What the numbers say

Despite the disproportionate number of men in engineering, gender diversity among Stanford engineers is relatively high compared to that of the U.S. in general, according to Sheppard.

According to the Registrar’s statistics for the ’16-’17 school year, women make up about 30 percent of Stanford’s mechanical engineers. Nationally, she said that only 10 percent of mechanical engineering students are women and that even fewer women are in electrical engineering.

She added that MIT’s mechanical engineering program currently consists of 50 percent women.

While there are many theories about the lack of gender diversity in engineering, Sheppard highlighted one in particular.

“There [are] some theories that some fields where you can more directly see a connection to impact on people tend to draw more women,” she said. “And that would be environmental engineering, bioengineering and, to some extent, chemical engineering.”

The numbers partially support this theory. At Stanford, women make up 32 percent of chemical engineers, 42 percent of bioengineers, 45 percent of civil and environmental engineers and 59 percent of environmental systems engineers. Women also make up a majority in the SoE’s individually designed major and the bachelor of science degree in engineering major, which includes subplans like product design. Among graduate students, however, men outnumber women in every program, according to the Registrar’s ’16-’17 school year statistics.

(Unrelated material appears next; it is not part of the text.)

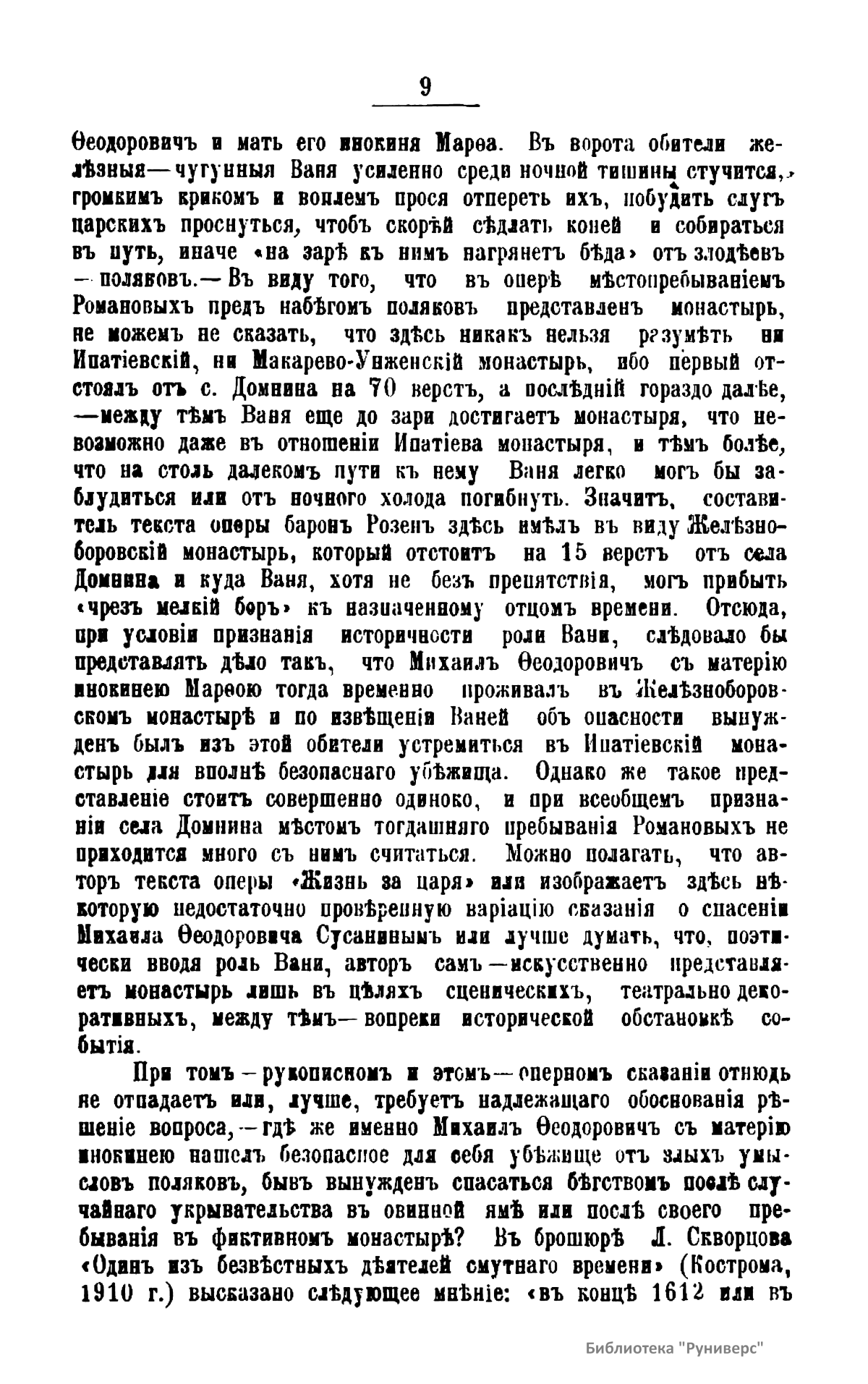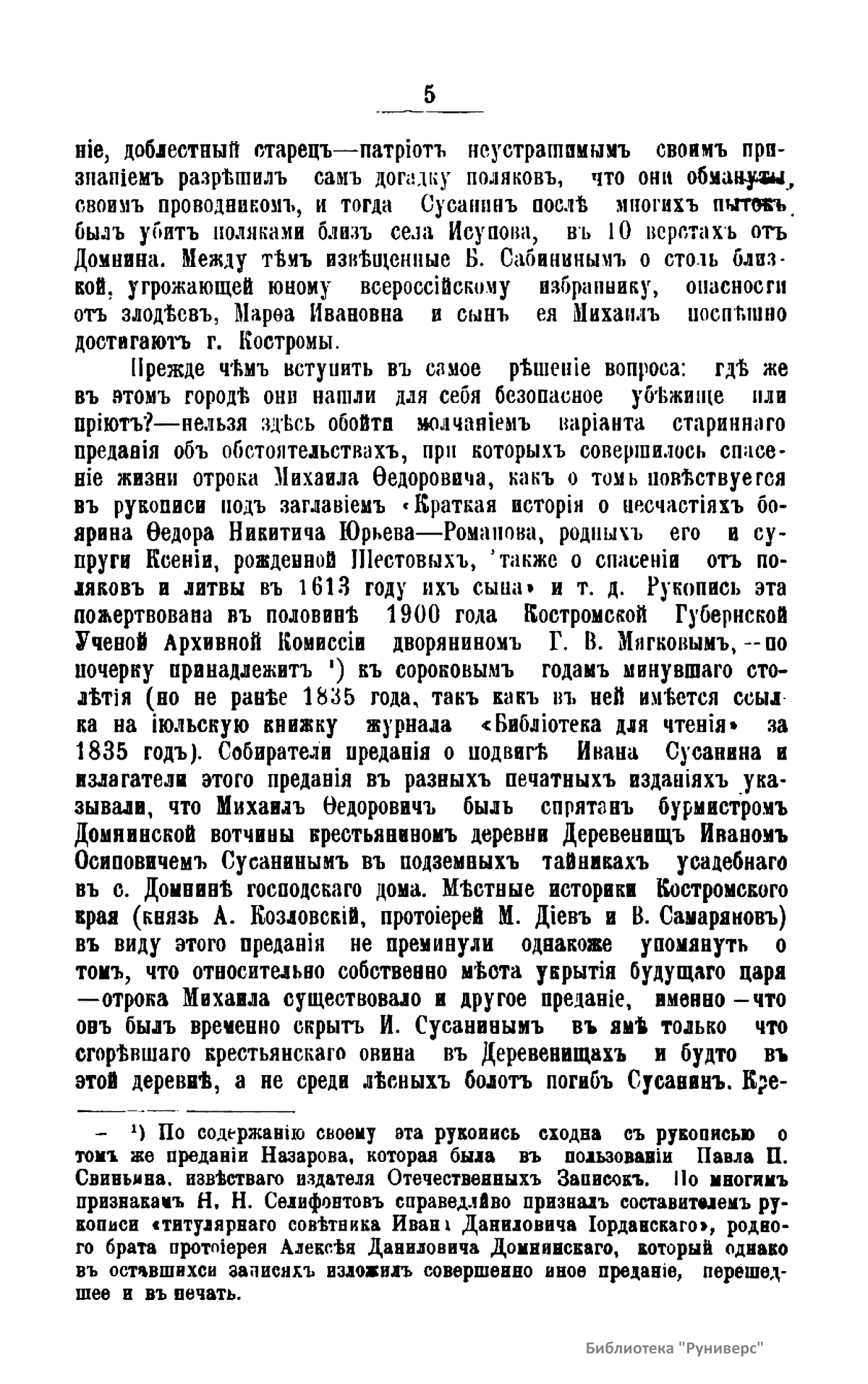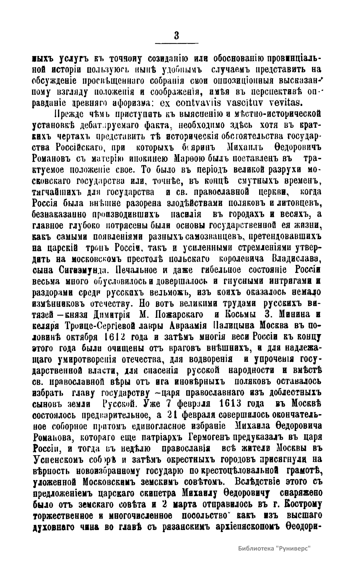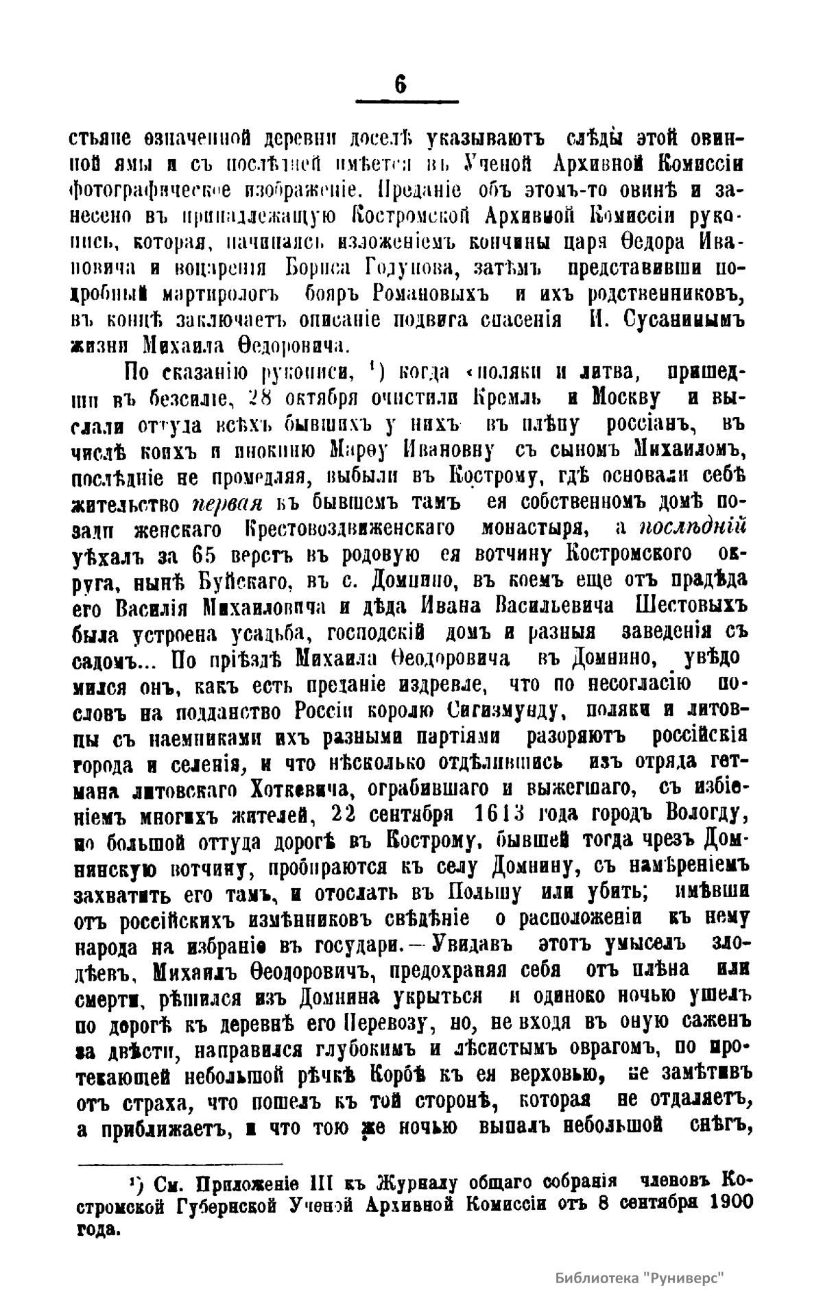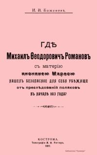 Романовы – боярский род в России XIV – XVI вв., потомки выходца из Литвы Андрея Кобылы. До начала XVI в. именовались Кошкиными, до конца XVI в. – Захарьиными. С 1613 г. царская, с 1721 г. – императорская династия. Михаил Федорович – первый царь из рода Романовых. Настоящее издание подготовлено к трехсотлетней годовщине царствования Дома Романовых. Издатель считает необходимым к предстоящему юбилею установить с исторической точностью разные эпизоды, относящиеся к обстоятельствам избрания и воцарения Михаила Федоровича, и, в частности, проясняет вопрос, где Михаил Федорович Романов с матерью инокинею Марфою нашел безопасное для себя убежище от преследований поляков в начале 1613 года.

Sheppard explained that the diversity challenges at the graduate level may exceed those at the undergraduate level because faculty, rather than the admissions office, select masters students. These decisions may thus be more subject to individual biases, a challenge which Sheppard says the School of Engineering is working to address.

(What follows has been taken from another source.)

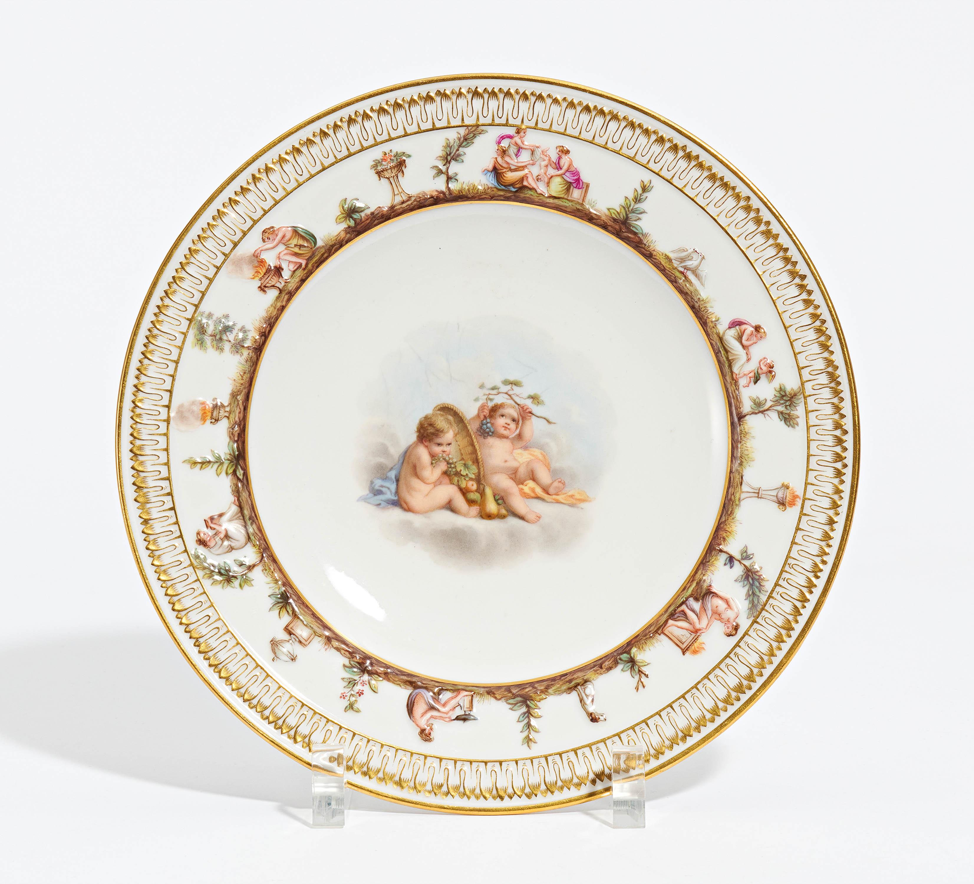 Technik: Porzellan, farbig und gold staffiert.

Lawrence, for her part, said she would like to see more transparency in the statistics Stanford publishes. For instance, she expressed the desire for more clarity on the backgrounds of students who are lumped under the “international” designation.

“I think it would help us to face the facts,” she said. “You can’t know what needs change if you don’t know what you’re dealing with.”  

On the whole, though, Lawrence said she is glad the conversation is happening and glad to be a stakeholder in it, a role she has grown into over the course of her engineering journey.

“I felt like I needed to prove myself before I could talk about things like this,” she said.

 

Contact Mini Racker at mracker ‘at’ stanford.edu.

This article has been updated to clarify that the statistics on gender diversity in Stanford’s graduate engineering programs are referenced from the ’16-’17 school year, given that ’17-’18 data has yet to be made publicly available. This article has also been updated with additional comment and clarification from Sage Lagron.